Overcoming database build blockers

A cornerstone of database development cycle is regularly "verifying the build". You make sure you can build the new version of the database, from the source scripts stored in source control. There are numerous problems that can cause a build to fail, and raise errors, and the earlier you can catch these, eradicate them, and introduce tests to ensure they don't recur, the better.

For example, you may have cases where one database object (such as a view) references other objects (such as a table) that doesn't exist, or can't be found in the referenced schema, perhaps because it was renamed or moved. SQL Server checks these references when it executes the CREATE or ALTER statement, in the build script, and will raise an "invalid object" error on the referencing object (the view, in this example), if the referenced object doesn't exist. You'll also see this error if you are trying to build a database containing references to objects in one of more different databases to which you don't have access. Even if you have access to all the dependent databases, there might be mutual, or circular, dependencies between them, so that whichever one you build first, there is an error.

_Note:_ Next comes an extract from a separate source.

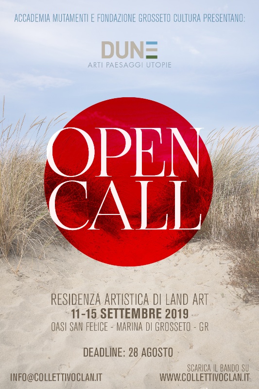 Il progetto “Dune” è la prima fase del più ampio programma “Laboratorio Utopia 2019/2021”, un progetto triennale pensato dalla compagnia teatrale Accademia Mutamenti e da Clarisse Arte di Fondazione Grosseto Cultura che mette a disposizione residenze artistiche di ricerca e creazione interdisciplinare coinvolgendo artisti di varie discipline, scienziati e naturalisti, con l’obiettivo di produrre visioni nuove e trasversali sui temi legati all’ambiente e al territorio, e a nuovi modi di comunicarle. Per tutte le info, il bando e la domanda di adesione, scrivere a info@collettivoclan.it.

Of course, generally speaking if you have build failures caused by these sorts of problems, you need to find the cause and fix it! For example:

However, for large and complex legacy databases, with years of accumulation of problems that will likely cause build failures, including cross-database and cross-server dependencies, these fixes or workarounds are hard, time consuming, or simply impossible.

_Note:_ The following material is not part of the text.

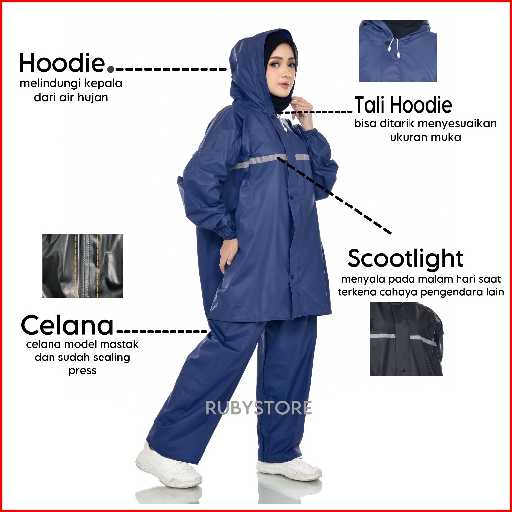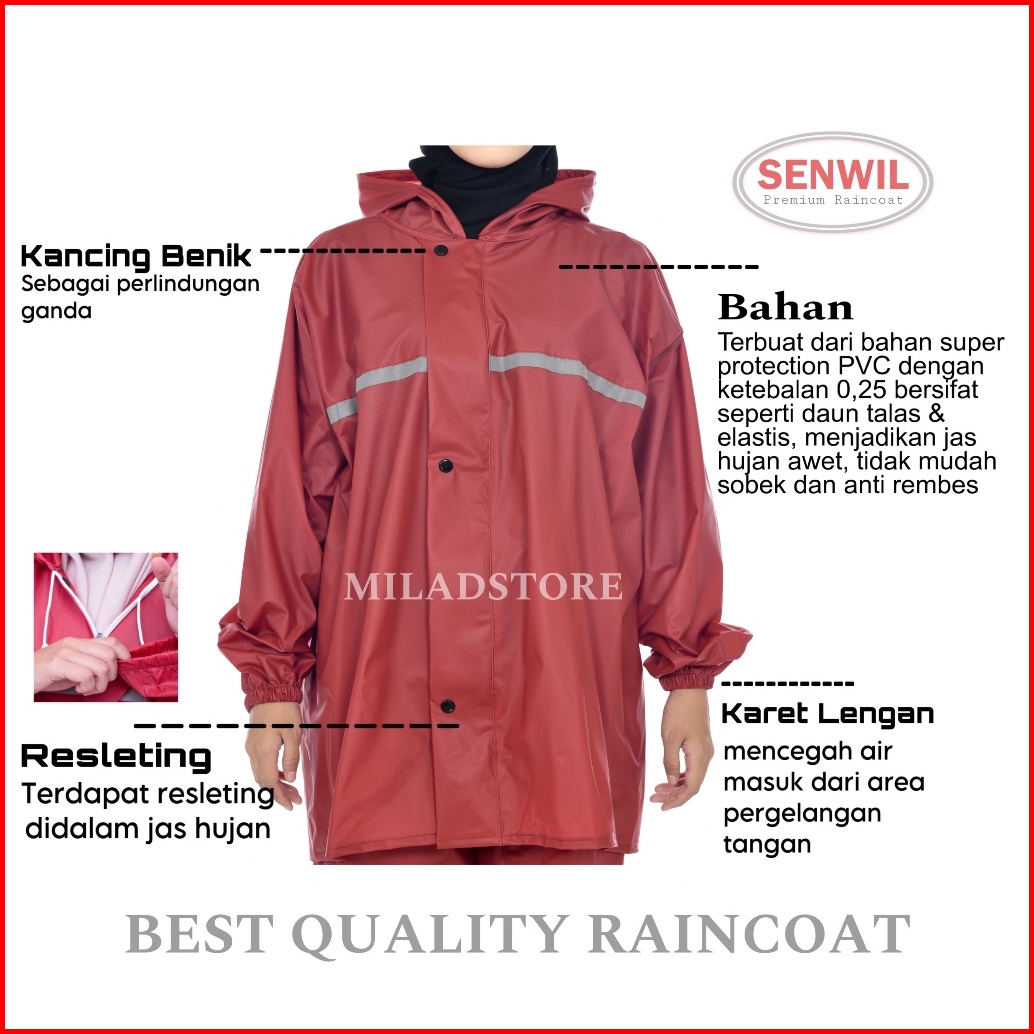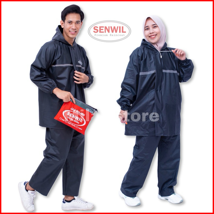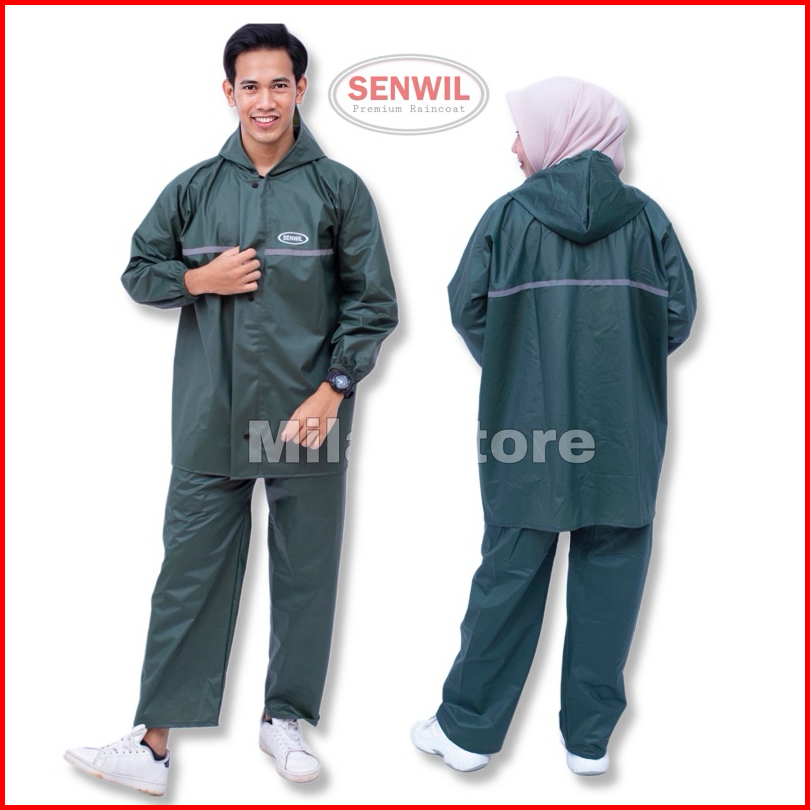Jas Hujan Raincoat Senwil Setelan Pria Wanita Tebal Anti Rembes Hijau Army

Builds problems in SQL Change Automation Projects

If you're developing complex, legacy databases using the SQL Change Automation for SSMS, your progress can be 'blocked' quite quickly, if such issues exist. SQL Change Automaton creates a reference database, called a shadow database, in order to verify migration scripts (and builds). When you first create a SQL Change Automation project, it will generally create a build script that describes the 'starting state' or 'baseline' for the project, and then run it to build the shadow database. Ideally, this baseline script will represent the schema of the database to which you'll be eventually deploying changes (otherwise SCA will create the shadow database from a build script for the development database).

If there are any reasons why this build script won't run, such as because it include 'invalid object' references, then SQL Change Automation won't be able to create the shadow database (step 2), and you won't be able to proceed until this is resolved.

Use a clone as a 'baseline' for a SQL Change Automation project

If you can't fix or remove the broken references, and you're using SQL Clone alongside the SQL Change Automation plugin for SSMS, you have an easy way around these problems: you can use a clone of the target database as the 'baseline' for the project. Instead of SQL Change Automation needing to build a copy of the shadow database from a baseline script, it can simply verify migration scripts on a fully functioning, "warts and all" clone, complete with data.

To use a clone as a baseline, you simply enter the name and location the source image for the clones. Then, each time you request to verify the migration scripts for all your latest development changes, SQL Change Automation will recreate the shadow database as a clone, deploy all the migration scripts to the shadow database to ensure they all succeed. If so, you can commit the changes to version control.